IPCC AR6 synthesises that there is medium confidence that human-induced climate change is increasing hot extremes in  the Arabian Peninsula ( IPCC, 2021 ). This is a region  that has experienced accelerating warming, increasing from about 0.10°C per decade during 1901–2010 ( Attada et al., 2018 ) to around 0.63°C per decade since 1978 ( Almazroui, 2020 ). Projections of  annual temperatures in the region show expected increases 1.6°C under low-emissions scenarios (SSP1-2.6) and up to 5.3°C under very high emissions (SSP5-8.5) by 2070–2099, as compared to 1980-2010, with the greatest warming expected in northern areas ( Almazroui, 2020 ).

In 2024, the World Weather Attribution (WWA) initiative carried out a rapid attribution study to quantify the role of climate change in the extreme heatwave that affected large parts of Asia that year ( Zachariah et al., 2024 ). Although the study region focused on a region over Israel, Palestine, Syria, and Jordan, and lies to the north of the current study area, the nature of the trends is consistent with findings for the wider Arabian Peninsula and surrounding regions. The study concluded that human-induced climate change made such extreme heat events substantially more likely and more intense – around five times more likely and approximately 1.7°C warmer compared to pre-industrial climate.

Analysis of trends in extremes

Event definition

Warming in recent decades means that May temperatures now regularly reach levels previously more typically experienced during the summer months (Figure 2).
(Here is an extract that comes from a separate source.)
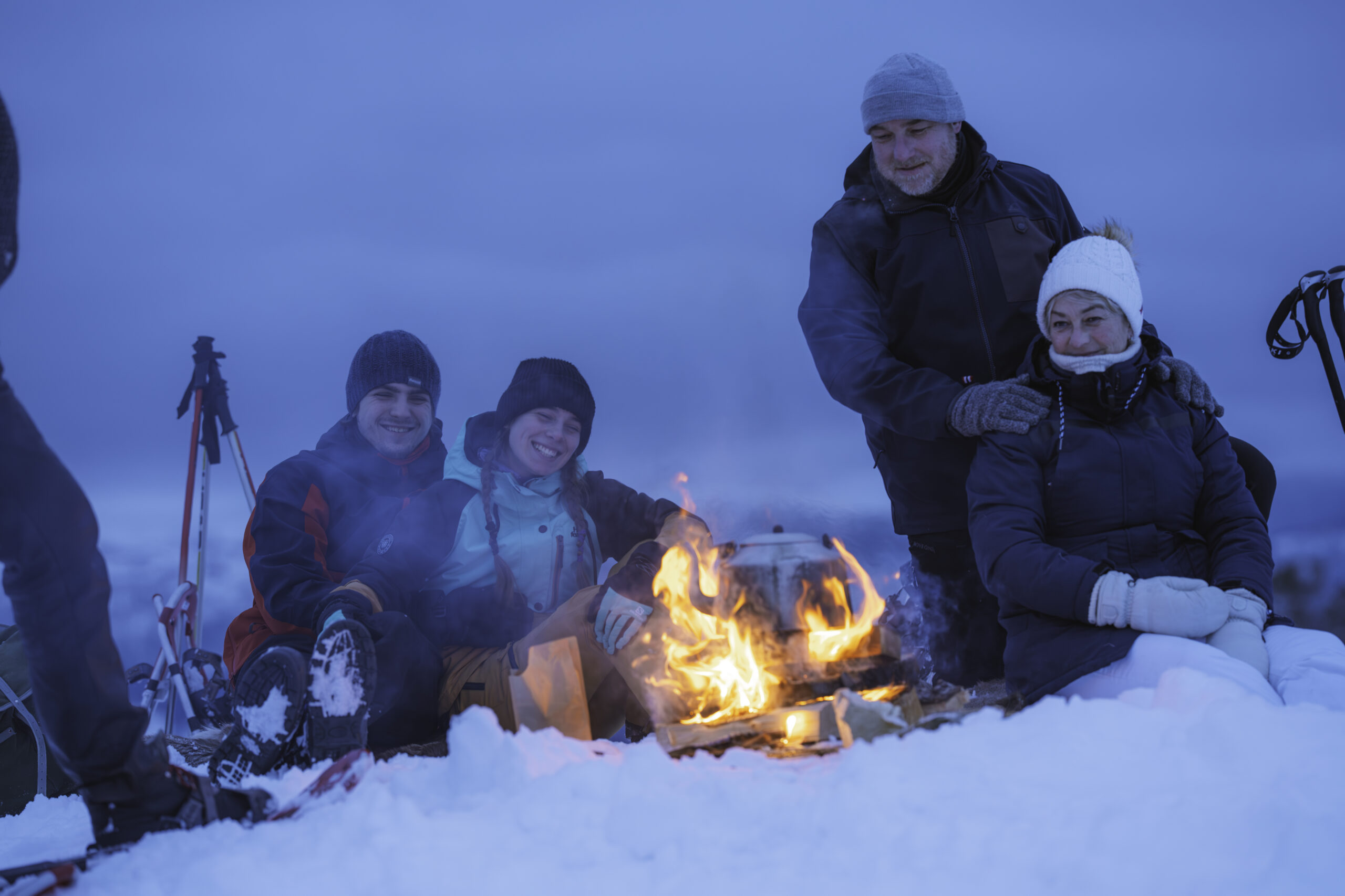 Vi går ut, tar på oss trugene og beveger oss opp i fjellsiden. Der fyrer vi opp bålet, koker kaffe på kjele på gamlemåten og nyter den rike smaken under åpen himmel. Omgitt av skog, fjell og frisk vinterluft får du en ekte og nær opplevelse for både kropp og sjel i vakre Vrådal.

In this short observations-only analysis we examine trends in both monthly mean temperatures and maximum 1-day temperatures during May (denoted, respectively, Tg-May and Tx1x), over the land surface within a 2-degree box centred on Mecca (39.8E, 21.4N). Due to the unavailability of long time series of station-based observations in this area, we predominantly use ERA reanalysis from 1950-2025 ( Hersbach et al., 2020 ), extended with analysis data from May 1st-25th and forecast data until the end of the month. We also consider trends in daily maximum temperatures from NOAA’s CPC dataset; this dataset only begins in 1979 and so uncertainties are typically much higher.

Figure 2: Seasonal cycle of daily mean, maximum and minimum temperatures over the study region outlined in Figure 1 (ERA5). Red lines show the 1990-2020 mean, blue lines show the 1950-1980 mean.

Figure 2: Seasonal cycle of daily mean, maximum and minimum temperatures over the study region outlined in Figure 1 (ERA5). Red lines show the 1990-2020 mean, blue lines show the 1950-1980 mean.

The methods used to analyse heat trends follow the standard WWA protocol using non-stationary extreme value theory, as described in Philip et al. 2020 and expanded upon in Otto et al., 2024 . The peak temperatures (Tx1x) are modelled using a generalised extreme value (GEV) distribution, while monthly mean temperatures (Tg-May) are modelled with a normal distribution; both indices are assumed to increase linearly with global mean surface temperature. A more detailed description of this method and an example can be found in Clarke et al., 2026

While we present changes in the likelihood and intensity of events with respect to the preindustrial climate (1850-1900, based on the Global Warming Index ), we note that almost all of the observed warming has occurred since 1970, meaning that events that would have been rare in a preindustrial climate would have been almost as rare during that period.